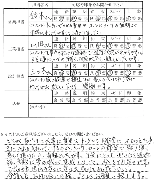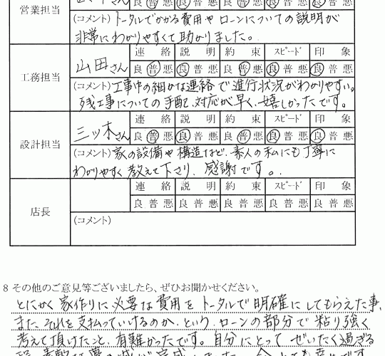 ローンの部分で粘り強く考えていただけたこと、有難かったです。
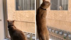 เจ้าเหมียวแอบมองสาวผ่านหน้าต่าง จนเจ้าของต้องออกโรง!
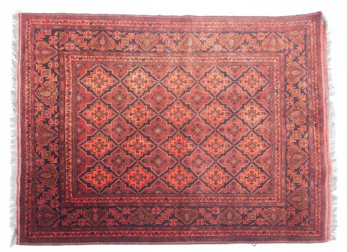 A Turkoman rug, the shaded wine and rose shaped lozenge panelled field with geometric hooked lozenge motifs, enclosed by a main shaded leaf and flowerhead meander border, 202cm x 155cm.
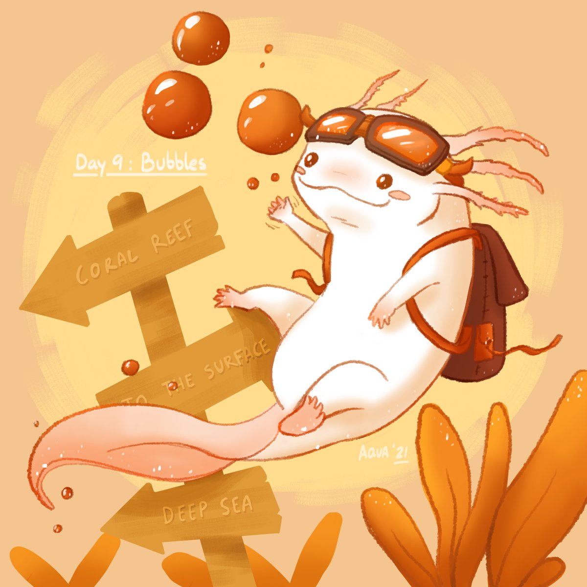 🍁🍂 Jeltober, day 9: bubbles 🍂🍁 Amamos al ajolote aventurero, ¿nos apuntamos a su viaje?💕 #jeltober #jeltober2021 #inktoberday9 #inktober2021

§

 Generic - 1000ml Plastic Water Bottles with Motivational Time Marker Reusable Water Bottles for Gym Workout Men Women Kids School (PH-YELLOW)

§

* Aim of the task
The lines above starting at the one that holds "ローンの部分で粘り強く考えていただけたこと、有難かったです。" and ending at the one that holds "#jeltober2021 #inktoberday9 #inktober2021" are to be written out exactly, ends included, and no pictures are to be copied.

* Result of this task
 ローンの部分で粘り強く考えていただけたこと、有難かったです。
 เจ้าเหมียวแอบมองสาวผ่านหน้าต่าง จนเจ้าของต้องออกโรง!
 A Turkoman rug, the shaded wine and rose shaped lozenge panelled field with geometric hooked lozenge motifs, enclosed by a main shaded leaf and flowerhead meander border, 202cm x 155cm.
 🍁🍂 Jeltober, day 9: bubbles 🍂🍁 Amamos al ajolote aventurero, ¿nos apuntamos a su viaje?💕 #jeltober #jeltober2021 #inktoberday9 #inktober2021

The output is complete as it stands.